→ **GIVEN ENTRIES**

----

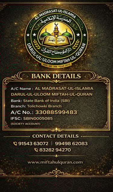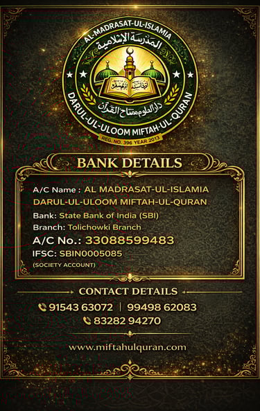 A/c Name : Al Madrasat-Ul-Islamia Darul-Ul-Uloom Miftah-Ul-Quran
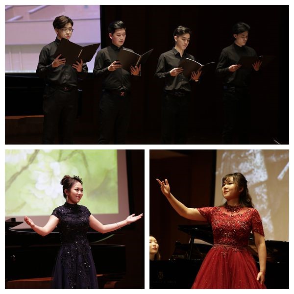 本场音乐会所选钱仁康创作的歌曲,均来自钱亦平教授整理的《钱仁康歌曲集》,如《燕子》、《菩萨蛮》、《船歌》、《蝶恋花》、《春朝曲》。这些作品取材丰富、形式多样,大部分从未公开发表或者演唱过。从这些珍贵的作品中,可以一见钱仁康先生深厚的音乐创作功底,感受其音乐的魅力。taptap点点声乐歌剧系陈京蔚老师带来了开场曲目《燕子》,呈现了钱仁康教授艺术歌曲方面的极高造诣。随后,与彭子仪、阿希娅共同演绎的《船歌》选自钱仁康作曲的《大地之歌》,采用模仿复调的写法,歌声前后呼应,此起彼伏。最后,对名古屋获奖作品《远山》的演绎洋洋盈耳、扣人心弦,正体现了谭冰若对此曲歌词评价的“多义性”。庞茹月的《蝶恋花》和彭子仪的《菩萨蛮》婉转动听、词曲交融。男声合唱《中华魂》庄严宏伟、歌词朗朗上口。这些来自“海尚音苑社”的同学们以不同的方式致敬了钱仁康教授“博古至今,学贯中西”的学术精神,赢得了观众的热烈反响。
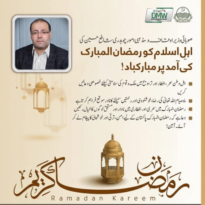 صوبائی وزیر صنعت و تجارت، اوقاف و مذہبی امور چوہدری شافع حسین نے رمضان المبارک کی آمد کے موقع پر تمام اہلِ اسلام کو دلی مبارکباد پیش کی ہے۔ اپنے پیغام میں انہوں نے کہا کہ رمضان المبارک رحمتوں، برکتوں اور عبادات کا مقدس مہینہ ہے جو ہمیں صبر، برداشت اور بھائی چارے کا درس دیتا ہے۔ انہوں نے عوام سے اپیل کی کہ اس بابرکت مہینے میں ضرورت مندوں کی مدد کریں اور معاشرے میں محبت، اتحاد اور ہم آہنگی کو فروغ دیں۔
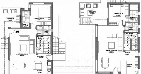 La superficie total de 310 m² construidos. Consta de 4 dormitorios dobles (2 en suite), 4 baños, 2 salones y cocina, además de aparcamiento privado, terrazas y solarium con vistas al mar.
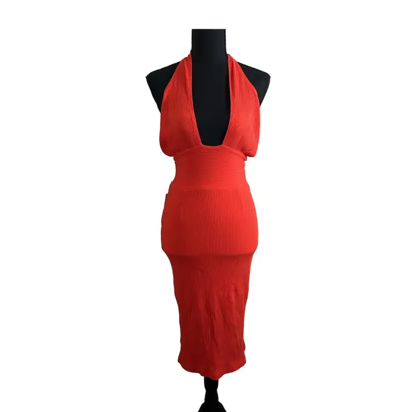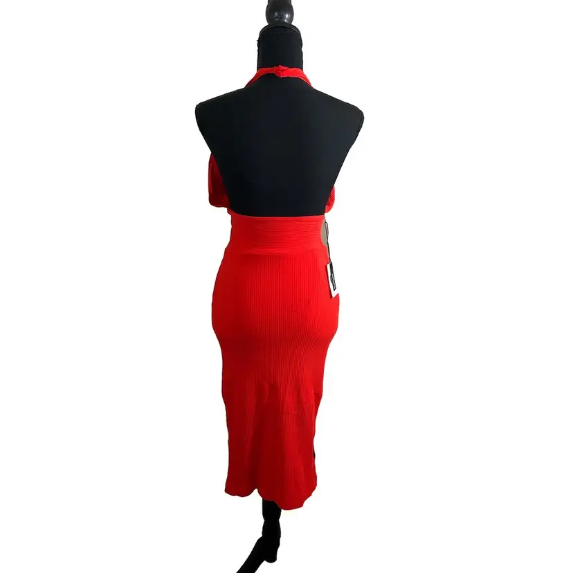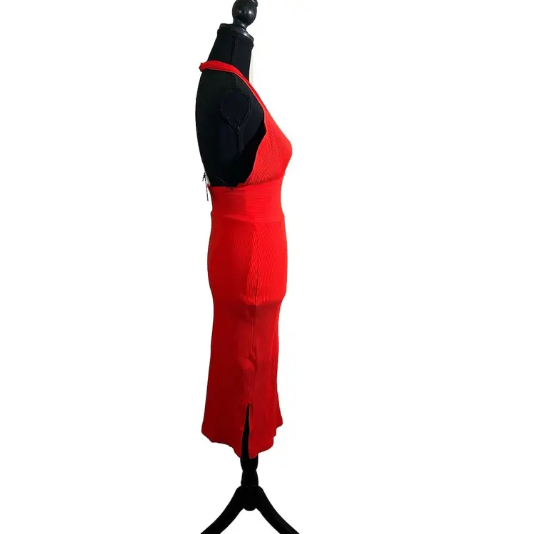 Size Xsmall Halter top dress, please note the twisted material in the back of the neck Open back, slits on both sides Cotton and Elastane blend Hand wash cold water, Dry clean for best results Made in China RN#142824 MSRP$128

----

→ **EXERCISE**
Transcribe all the material exactly; skip every image.

→ **SOLUTION TO THE PROBLEM**
 A/c Name : Al Madrasat-Ul-Islamia Darul-Ul-Uloom Miftah-Ul-Quran
 本场音乐会所选钱仁康创作的歌曲,均来自钱亦平教授整理的《钱仁康歌曲集》,如《燕子》、《菩萨蛮》、《船歌》、《蝶恋花》、《春朝曲》。这些作品取材丰富、形式多样,大部分从未公开发表或者演唱过。从这些珍贵的作品中,可以一见钱仁康先生深厚的音乐创作功底,感受其音乐的魅力。taptap点点声乐歌剧系陈京蔚老师带来了开场曲目《燕子》,呈现了钱仁康教授艺术歌曲方面的极高造诣。随后,与彭子仪、阿希娅共同演绎的《船歌》选自钱仁康作曲的《大地之歌》,采用模仿复调的写法,歌声前后呼应,此起彼伏。最后,对名古屋获奖作品《远山》的演绎洋洋盈耳、扣人心弦,正体现了谭冰若对此曲歌词评价的“多义性”。庞茹月的《蝶恋花》和彭子仪的《菩萨蛮》婉转动听、词曲交融。男声合唱《中华魂》庄严宏伟、歌词朗朗上口。这些来自“海尚音苑社”的同学们以不同的方式致敬了钱仁康教授“博古至今,学贯中西”的学术精神,赢得了观众的热烈反响。
 صوبائی وزیر صنعت و تجارت، اوقاف و مذہبی امور چوہدری شافع حسین نے رمضان المبارک کی آمد کے موقع پر تمام اہلِ اسلام کو دلی مبارکباد پیش کی ہے۔ اپنے پیغام میں انہوں نے کہا کہ رمضان المبارک رحمتوں، برکتوں اور عبادات کا مقدس مہینہ ہے جو ہمیں صبر، برداشت اور بھائی چارے کا درس دیتا ہے۔ انہوں نے عوام سے اپیل کی کہ اس بابرکت مہینے میں ضرورت مندوں کی مدد کریں اور معاشرے میں محبت، اتحاد اور ہم آہنگی کو فروغ دیں۔
 La superficie total de 310 m² construidos. Consta de 4 dormitorios dobles (2 en suite), 4 baños, 2 salones y cocina, además de aparcamiento privado, terrazas y solarium con vistas al mar.
 Size Xsmall Halter top dress, please note the twisted material in the back of the neck Open back, slits on both sides Cotton and Elastane blend Hand wash cold water, Dry clean for best results Made in China RN#142824 MSRP$128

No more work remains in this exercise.